WORK TO BE COMPLETED - In the records below, the line with "Albatross: The Untamed" opens the range and the line with "Wytnij z mięsa" closes it; print that range exactly and nothing else.

THE INPUT -
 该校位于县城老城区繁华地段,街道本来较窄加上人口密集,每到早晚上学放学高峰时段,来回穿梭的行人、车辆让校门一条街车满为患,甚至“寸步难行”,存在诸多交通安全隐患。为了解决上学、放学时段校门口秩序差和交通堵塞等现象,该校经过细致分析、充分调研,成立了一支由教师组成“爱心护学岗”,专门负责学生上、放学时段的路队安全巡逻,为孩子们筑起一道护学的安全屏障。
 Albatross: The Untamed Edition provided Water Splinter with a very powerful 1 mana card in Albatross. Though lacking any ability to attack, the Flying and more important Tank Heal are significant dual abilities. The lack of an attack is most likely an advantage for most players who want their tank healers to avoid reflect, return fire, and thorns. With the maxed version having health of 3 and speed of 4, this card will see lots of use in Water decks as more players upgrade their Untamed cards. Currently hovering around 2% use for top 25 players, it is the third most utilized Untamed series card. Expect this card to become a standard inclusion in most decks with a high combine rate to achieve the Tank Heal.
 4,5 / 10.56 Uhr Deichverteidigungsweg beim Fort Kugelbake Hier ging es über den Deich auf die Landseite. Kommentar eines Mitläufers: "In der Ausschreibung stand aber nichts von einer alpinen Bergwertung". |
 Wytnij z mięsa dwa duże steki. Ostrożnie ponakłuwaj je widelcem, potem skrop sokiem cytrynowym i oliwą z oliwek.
...
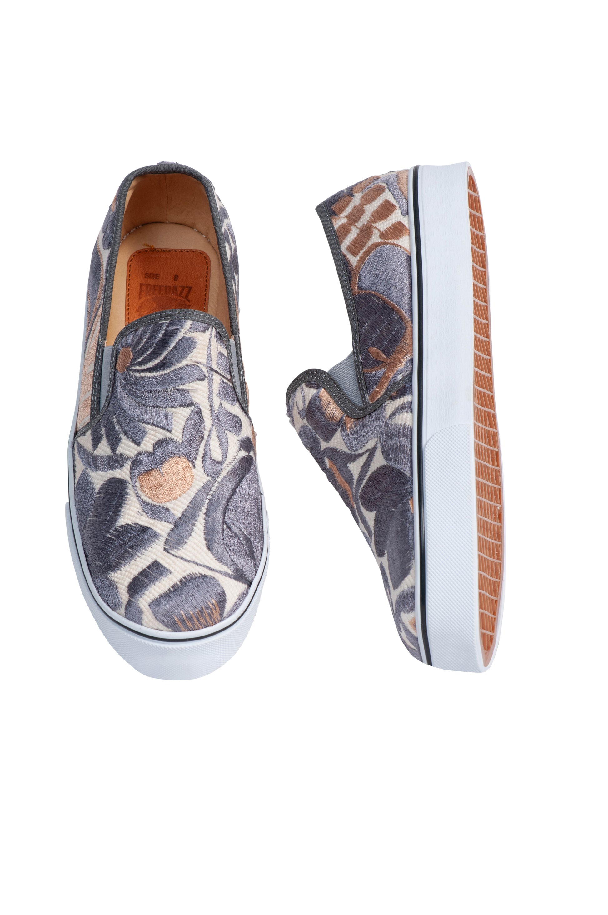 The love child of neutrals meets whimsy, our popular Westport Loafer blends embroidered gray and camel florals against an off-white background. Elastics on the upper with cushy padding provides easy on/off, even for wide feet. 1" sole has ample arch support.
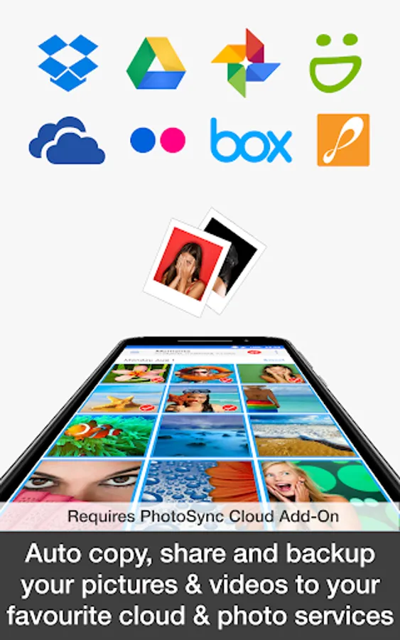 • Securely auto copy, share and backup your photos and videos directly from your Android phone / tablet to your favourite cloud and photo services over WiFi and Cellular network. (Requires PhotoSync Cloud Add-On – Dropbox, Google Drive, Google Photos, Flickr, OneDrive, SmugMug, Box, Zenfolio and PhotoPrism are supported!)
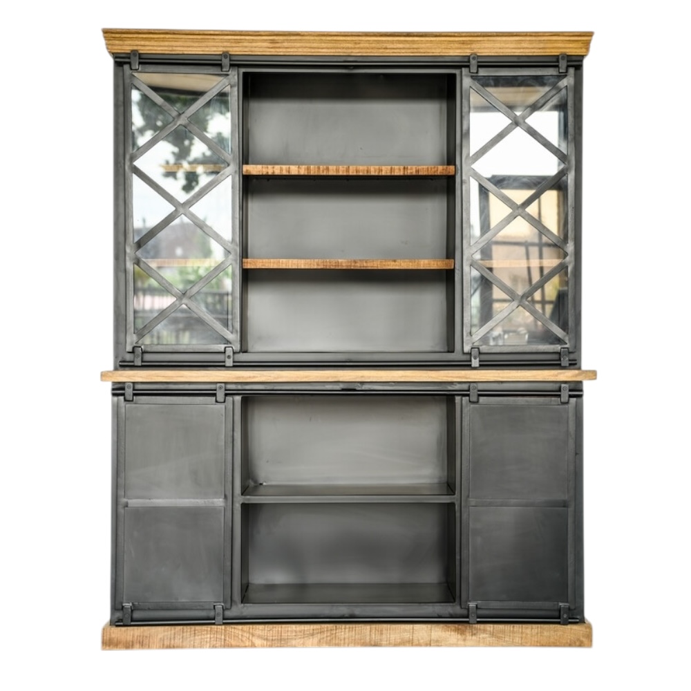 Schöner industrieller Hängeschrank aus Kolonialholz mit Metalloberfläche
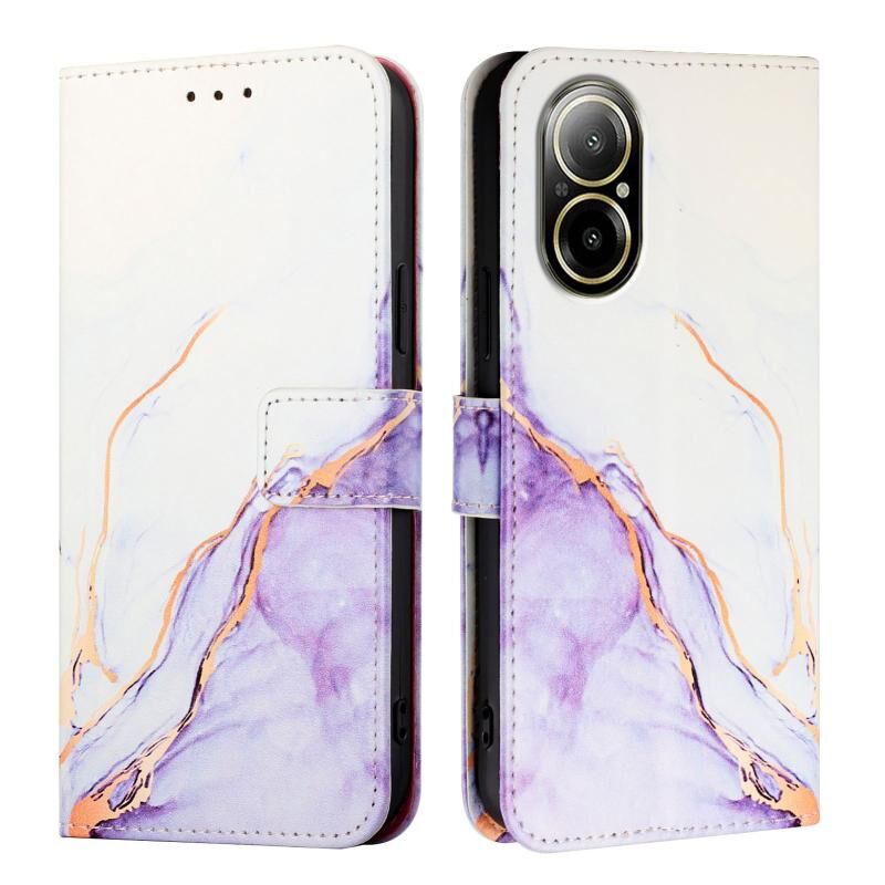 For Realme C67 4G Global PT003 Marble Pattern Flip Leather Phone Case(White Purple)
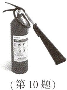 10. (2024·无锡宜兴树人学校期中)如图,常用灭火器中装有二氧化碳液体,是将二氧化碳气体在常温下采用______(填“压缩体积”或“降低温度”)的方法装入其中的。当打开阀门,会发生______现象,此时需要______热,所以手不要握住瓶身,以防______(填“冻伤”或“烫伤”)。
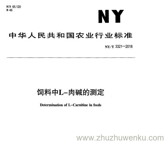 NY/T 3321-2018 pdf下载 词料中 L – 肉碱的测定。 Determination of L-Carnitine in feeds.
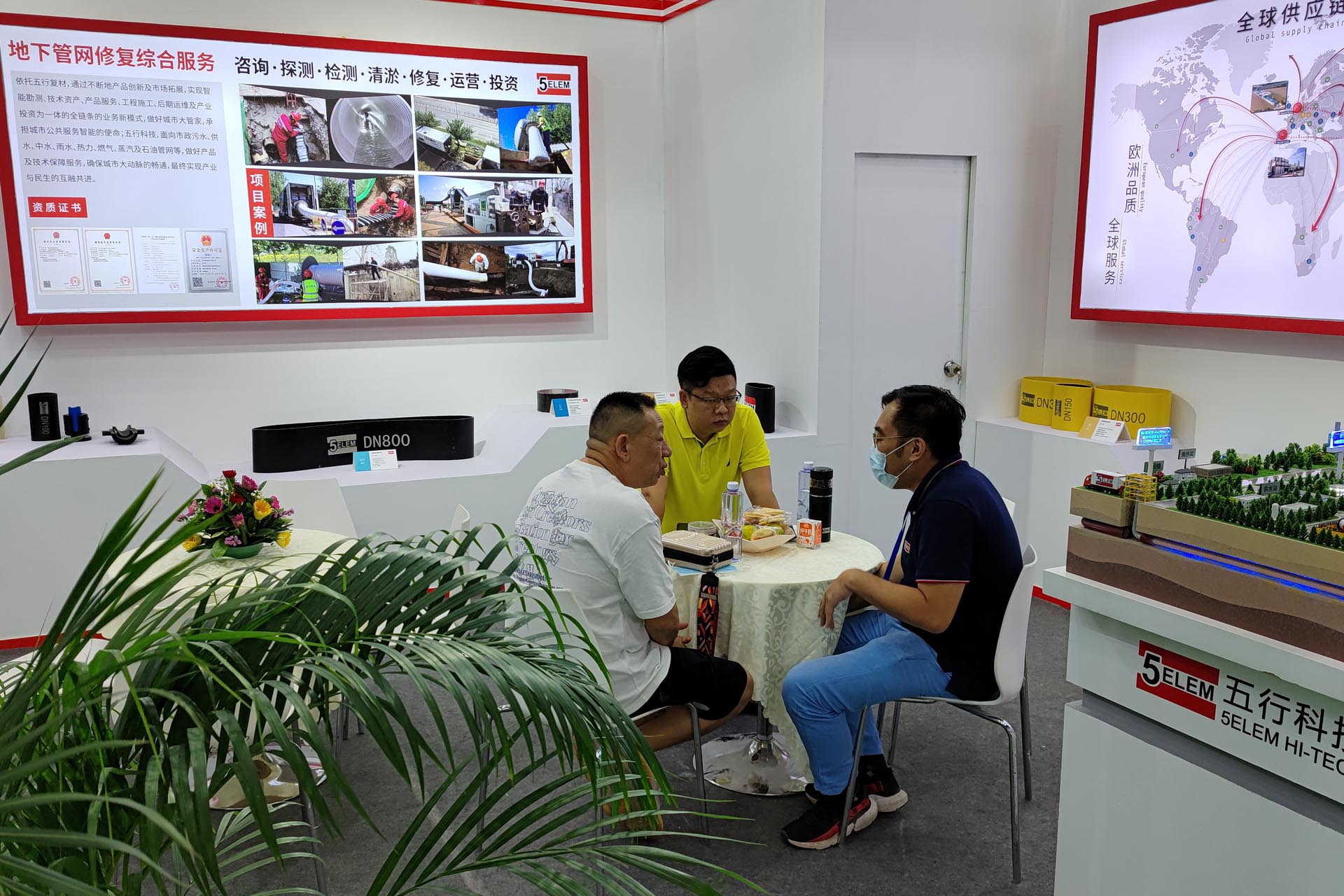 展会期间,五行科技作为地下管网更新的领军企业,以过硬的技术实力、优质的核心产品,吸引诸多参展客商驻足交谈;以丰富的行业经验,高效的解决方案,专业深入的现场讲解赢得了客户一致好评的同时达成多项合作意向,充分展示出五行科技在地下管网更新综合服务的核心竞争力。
...
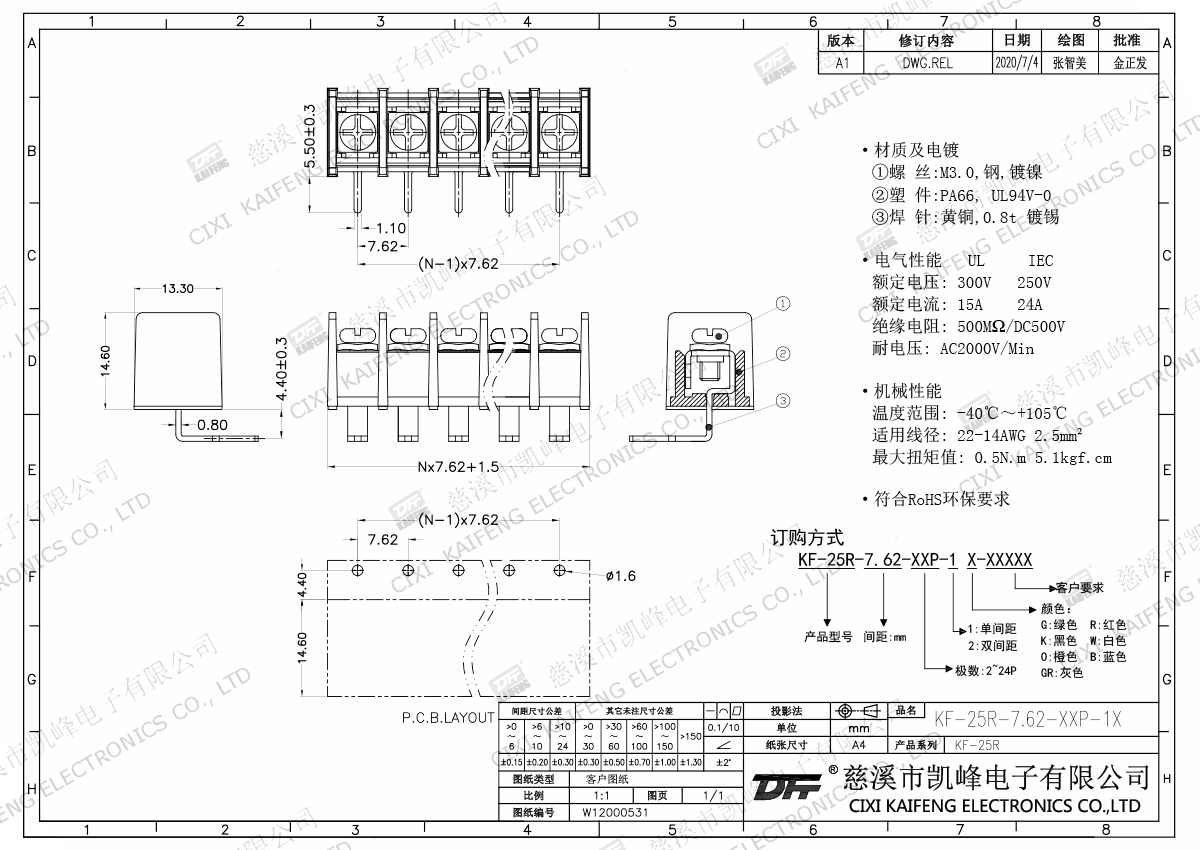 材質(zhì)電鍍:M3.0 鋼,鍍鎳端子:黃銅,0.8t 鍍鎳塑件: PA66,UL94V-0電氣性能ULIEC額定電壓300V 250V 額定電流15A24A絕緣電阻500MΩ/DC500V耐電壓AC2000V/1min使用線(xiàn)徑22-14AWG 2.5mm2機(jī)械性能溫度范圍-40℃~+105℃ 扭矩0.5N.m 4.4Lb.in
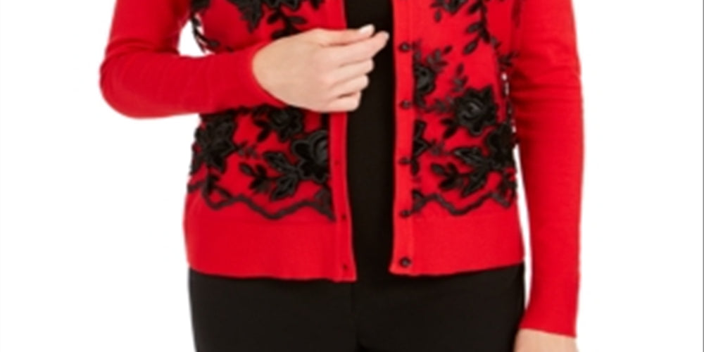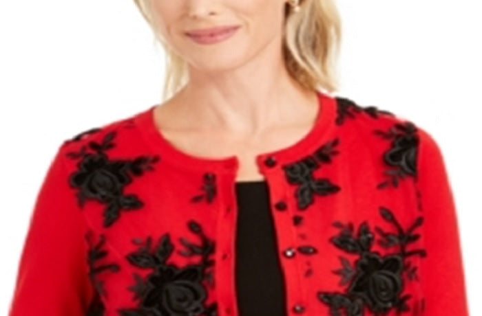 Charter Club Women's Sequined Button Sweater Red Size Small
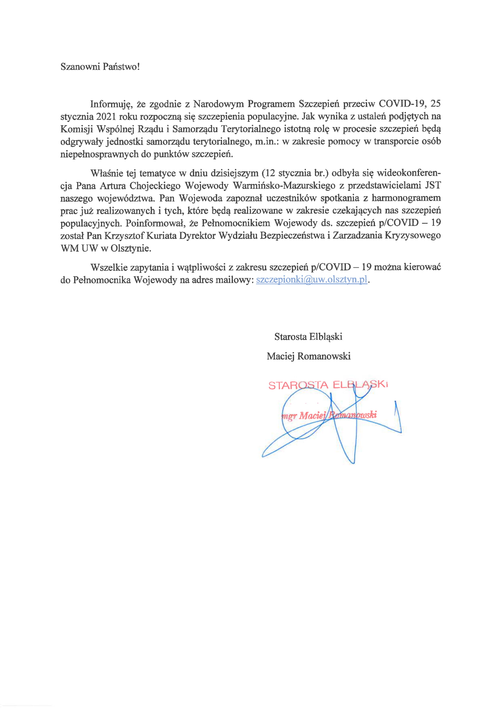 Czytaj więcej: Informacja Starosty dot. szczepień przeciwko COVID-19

TASK ANSWER -
 Albatross: The Untamed Edition provided Water Splinter with a very powerful 1 mana card in Albatross. Though lacking any ability to attack, the Flying and more important Tank Heal are significant dual abilities. The lack of an attack is most likely an advantage for most players who want their tank healers to avoid reflect, return fire, and thorns. With the maxed version having health of 3 and speed of 4, this card will see lots of use in Water decks as more players upgrade their Untamed cards. Currently hovering around 2% use for top 25 players, it is the third most utilized Untamed series card. Expect this card to become a standard inclusion in most decks with a high combine rate to achieve the Tank Heal.
 4,5 / 10.56 Uhr Deichverteidigungsweg beim Fort Kugelbake Hier ging es über den Deich auf die Landseite. Kommentar eines Mitläufers: "In der Ausschreibung stand aber nichts von einer alpinen Bergwertung". |
 Wytnij z mięsa dwa duże steki. Ostrożnie ponakłuwaj je widelcem, potem skrop sokiem cytrynowym i oliwą z oliwek.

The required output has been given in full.